Haraka

Haraka, 2021
Installation pour un dispositif d’occlusion en acier, silences de voix et excitateurs audio

« Haraka » signifie mouvement en arabe. De ce terme proviennent les mots « harki », l’ancien supplétif algérien de l’armée française durant la guerre d’indépendance algérienne, et « harka », la formation de supplétifs, le groupe mobile. Dans l’histoire du trauma colonial qui lie l’Algérie et la France, la question des harkis reste une des plus complexe et contradictoire. Comme toutes personnes ayant participé à une guerre, les harkis ont été exposés à des situations de violences ayant pu générer de l’effroi. Cet affect, qui désigne une trop grande frayeur, intervient chez le sujet qui se trouve, souvent sous le coup de la surprise, incapable de se représenter la situation de danger tout puissant dans laquelle il se voit tomber.

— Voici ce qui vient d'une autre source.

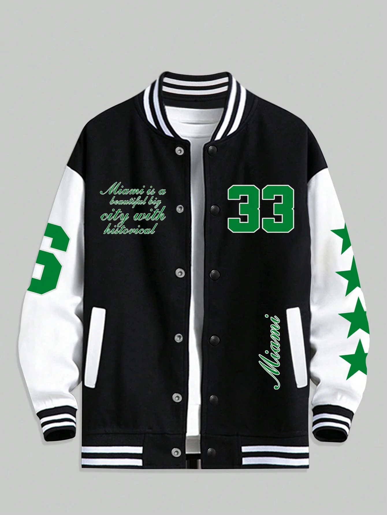 Prep Ragazzi 1 pezzo Giacca varsity con grafica stella e slogan finitura a righe spalle cadenti
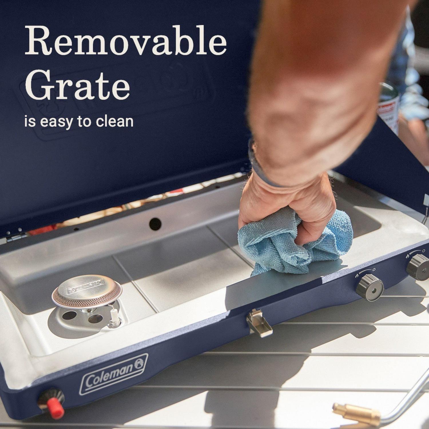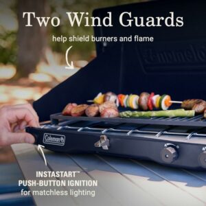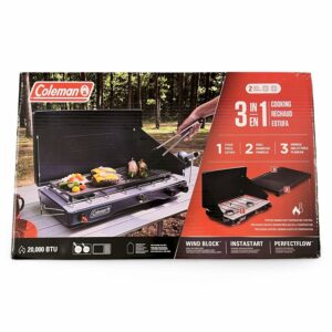 Hit the road with a Coleman Classic 3-in-1 Camping Stove which makes it easy to cook great meals outdoors. Its cast-iron grill and griddle accessory stores under the lid so the stove is easy to move, and its removable chrome-plated grate makes cleanup quick. Because we know cooking out in the elements can be rough, this stove has two guards to shield the burners and flame from wind, as well a push-button Instastart ignition for automatic, matchless lighting. The best parts This stove has 20,000 BTUs of cooking power and comes with a removable cast-iron grill and griddle accessory so you can whip up a variety of good food that’ll seriously hit the spot.
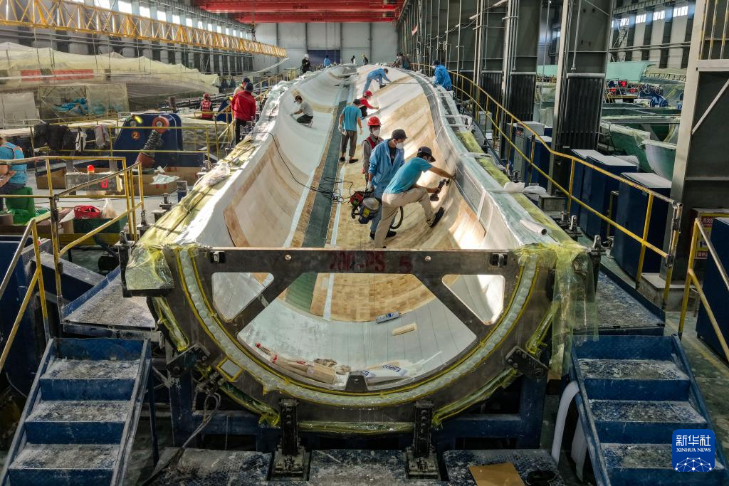 11月20日,在甘肃省酒泉经济技术开发区的甘肃九鼎风电复合材料有限公司成型车间,工作人员进行风机叶片铺层作业(无人机照片)。

C’est une réaction phobique limite qui accable le corps d’un grand choc affectif, et interrompt le mouvement de la pensée comme aussi toute forme d’expression vocale.

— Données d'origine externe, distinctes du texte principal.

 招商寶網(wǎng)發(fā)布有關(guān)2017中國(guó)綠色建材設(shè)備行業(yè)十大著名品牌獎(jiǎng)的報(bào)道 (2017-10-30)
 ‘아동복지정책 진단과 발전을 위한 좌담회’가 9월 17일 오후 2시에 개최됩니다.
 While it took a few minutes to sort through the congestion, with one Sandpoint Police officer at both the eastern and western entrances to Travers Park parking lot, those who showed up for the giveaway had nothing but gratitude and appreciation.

Les effets interactifs entre puissance coloniale et subjectivation des subalternes ou ex colonisés connaissent un seuil limite chez les harkis. Leurs mémoires sont marquées par une coïncidence déterminante et destructrice : une appartenance à la France en un certain sens forcée, et une attache affective à l’Algérie, qui bien que pouvant être refoulée, demeure cruciale. À la violence des faits et situations de guerre vécue par les harkis, se joint pour s’y confondre l’impossible représentation de l’abandon et du racisme. Considérés comme des traitres à l’après-guerre sur le sol algérien, ceux qui sont rapatriés en France se retrouvent parqués avec leurs familles dans des camps de transit et de reclassement, comme cela a été le cas à Rivesaltes.

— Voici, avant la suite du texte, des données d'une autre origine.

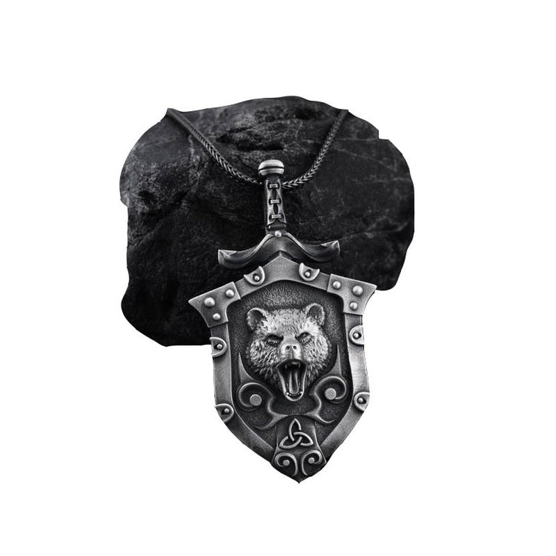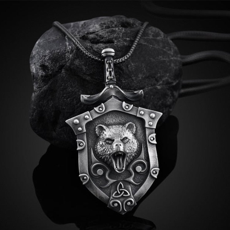 Brown Bear Shield Metal Pendant Men's Hip Hop Punk Necklace
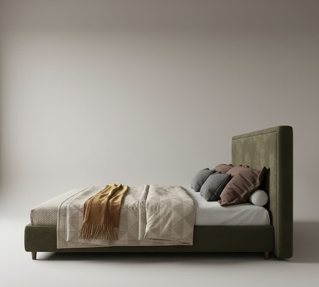 Olive Green Upholstered Bed with Modern Elegance
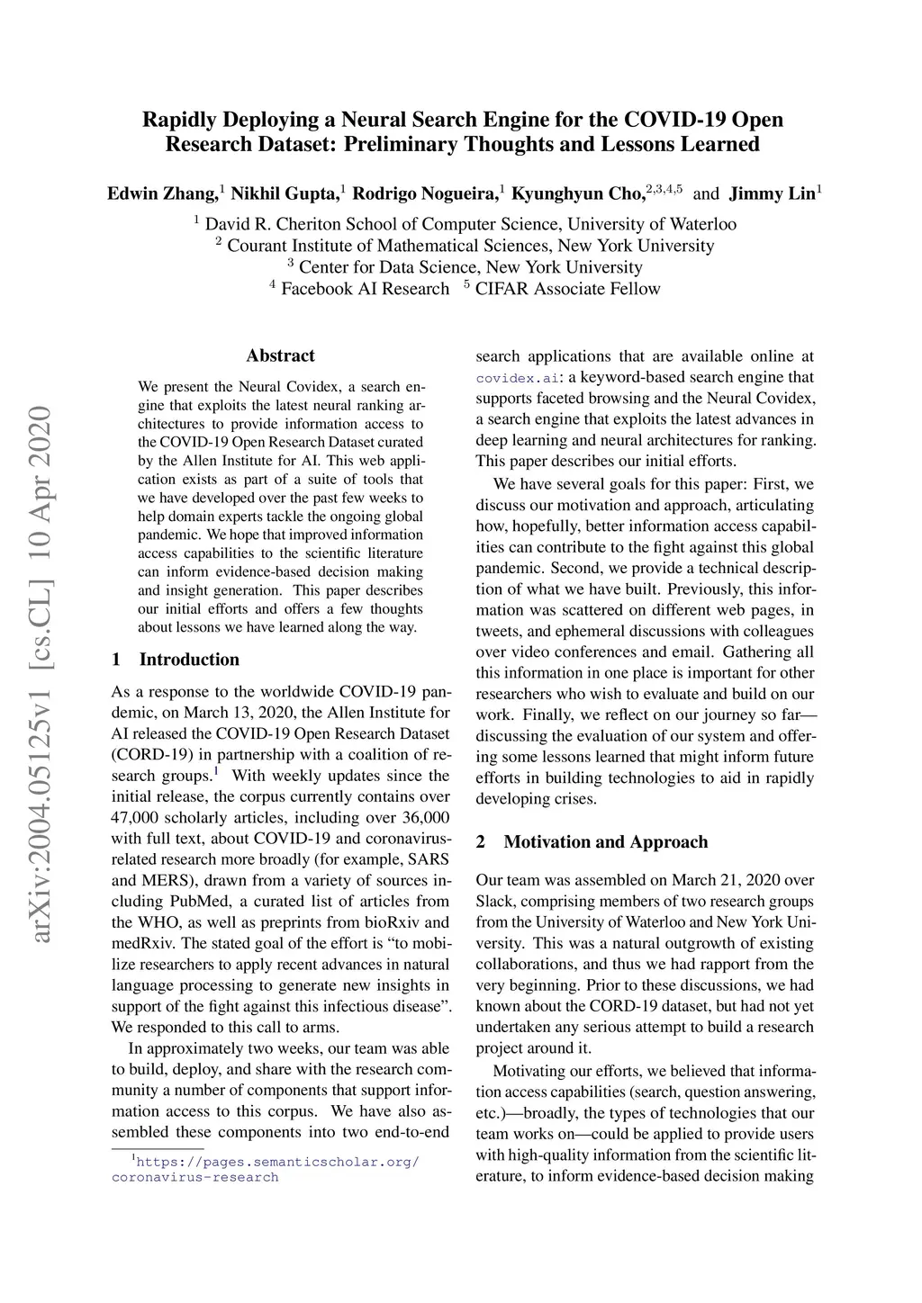 We present the Neural Covidex, a search engine that exploits the latest neural ranking architectures to provide information access to the COVID-19 Open Research Dataset curated by the Allen Institute for AI. This web application exists as part of a suite of tools that we have developed over the past few weeks to help domain experts tackle the ongoing global pandemic. We hope that improved information access capabilities to the scientific literature can inform evidence-based decision making and insight generation. This paper describes our initial efforts and offers a few thoughts about lessons we have learned along the way.

Si l’archive orale révèle le ton avec lequel s’articule une parole, elle donne aussi à entendre les silences de voix, parfois longs et sans issue, qui ponctuent une enquête. Ces silences sont des témoignages, en lesquels se rejouent quelque chose de l’effroi. À partir d’une série d’entretiens, menés par l’historien Grégor Mathias avec d’anciens supplétifs, et conservés dans la phonothèque de la Maison méditerranéenne des sciences de l’homme d’Aix-en-Provence, le premier geste de l’installation sonore Haraka est de prendre le silence comme une sonorité de composition. Effectivement, dans un enregistrement, une plage de silence peut être considérée comme un bruit de fond. À l’inverse d’un vide, cela apparaît comme un excès, une sonorité proche du bruit blanc qui comporte toutes les fréquences du spectre audible à intensité égale et dans laquelle tout, a priori, pourrait être composé.

Conçue pour un dispositif d’écoute en acier, l’installation a ensuite pour fonction de rendre sensible l’action ambiguë de la blessure et d’inviter à réfléchir sur le potentiel audible des silences de voix. Mettant en œuvre à la fois l’enfermement de la mémoire traumatique, comme enkystée, le cylindre est aussi une caisse de résonance, un véritable instrument musical à l’intérieur duquel le public est invité à entrer. À intervalle irrégulier, une question est diffusée et immédiatement après, les parois du cylindre sont activées par six excitateurs diffusant du son à travers l’acier. D’abord un choc interrompt la question, puis dans la résonance de celui-ci, des moments musicaux composés à partir des silences sont donnés à entendre. En devenant aussi une matière de diffusion, le dispositif donne ainsi une physicalité au silence testimonial.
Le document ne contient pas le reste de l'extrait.